As latest round of the debate started, the Australian Conservation Foundation immediately took the nuclear option.
“There is nothing clean about the fuel behind the Fukushima and Chernobyl disasters, which produces waste that remains radioactive for tens of thousands of years,” ACF campaigner Dave Sweeney said. What tosh.
While it’s technically true that the fuel would be the same, it’s no longer technologically true. Any plant built in Australia would be a small modular reactor. They’re smaller, safer, cheaper, and faster to build. And they have less of that pesky waste that nobody wants in their backyard.
They say you’re more likely to sway people with emotion than with facts so maybe a little bit of bluff and guff is par for the anti-nuclear course.

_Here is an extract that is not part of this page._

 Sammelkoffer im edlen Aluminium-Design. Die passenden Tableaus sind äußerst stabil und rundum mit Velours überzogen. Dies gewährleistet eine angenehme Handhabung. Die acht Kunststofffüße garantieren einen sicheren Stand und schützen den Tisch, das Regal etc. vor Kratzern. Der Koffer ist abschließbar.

Meanwhile the latest pro-nuclear hotheads seem to think it’s as easy as plug in and turn on.
Liberal MP Tim Wilson said: “Only nuclear plus baseload renewables can deliver Australia a sustainable net zero future with cheap, reliable electricity. You aren’t serious about climate change if you oppose nuclear outright.”
The booming solar and wind sector and advances in storage show that’s bunkum. The latest report from the CSIRO and the Australian Energy Market Operator found that by 2030 “adding new variable renewable generation (solar and wind) to as high as a 90% share of the grid will still be cheaper than non-renewable options”.

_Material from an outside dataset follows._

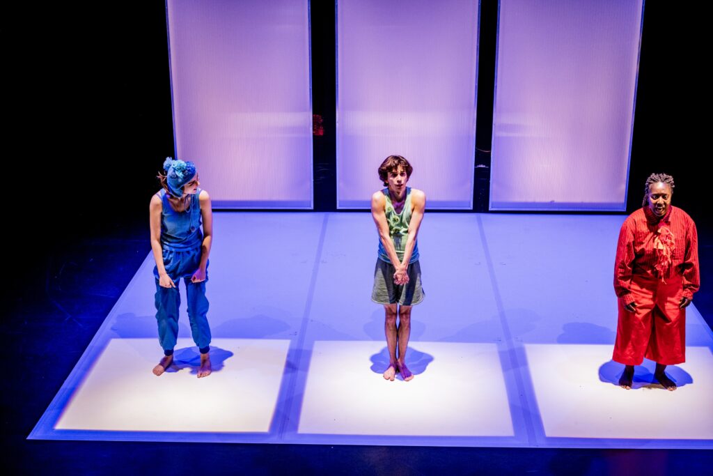 Naast deze scenografische en auditieve hoogstandjes, is het ook belangrijk om de genuanceerde lichamelijke kracht van Hellemans’, Sterckx’ en Kargbo’s acteerprestaties te benadrukken. Ondanks de bijwijlen pathetische, slapstick-achtige scènes — die een onnodige toegave zijn aan een kinderpubliek dat uiteindelijk weinig happig was op dit soort taferelen — slaagt het trio erin de interne wereld van hun personages door middel van hun lichaamstaal over te brengen, iets wat in dit stuk vol met onbenoemde, onuitgesproken emoties niet had mogen ontbreken.

Renewables sceptics love to proclaim that when the wind doesn’t blow and the sun doesn’t shine, the power goes out. But it doesn’t, or won’t, not with household storage, large-scale batteries and the potential of pumped-hydro and other technologies.

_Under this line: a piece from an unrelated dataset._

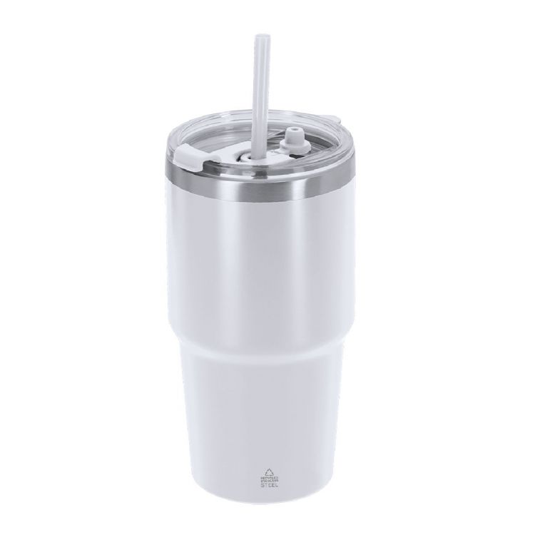 Coppa termica realizzata in acciaio inossidabile riciclato a doppia parete con una capacità di 650 ml. Ha un sistema di bevuta doppio: foro con chiusura ermetica e cannuccia integrata, adattandosi alle preferenze d'uso. Ha un tappo per chiudere ermeticamente quando la cannuccia viene rimossa. È ideale tenerlo sulla scrivania, sul tavolo o su qualsiasi superficie dove puoi gustare tranquillamente la tua bevanda preferita. Con il logo di Acciaio Inox Riciclato.

The pro-nuclear lobby also faces another hurdle: the timeline.
The Gen IV International Forum — which Australia joined in 2016 — is looking at six technologies. But the forum says it’ll be a lazy two or three decades before they’ll be deployed. The Australian Nuclear and Science Technology Organisation says small modular reactors could be built in three to five years.
Even in the unlikely case that the federal government decided to take nuclear energy to the next election, and even if the legislation made it through a new parliament, that would be only the start of the awkward conversations about where to put any nuclear plant, how to train a workforce to manage it, and the predictable furore about what to do with the waste.
Australia has had years — decades — of wandering in an energy policy quagmire. This concerted effort to introduce nuclear into the debate has more than a whiff of smokescreen about it. Especially now, as Australia gears up for the Glasgow summit in November and a possible election before that.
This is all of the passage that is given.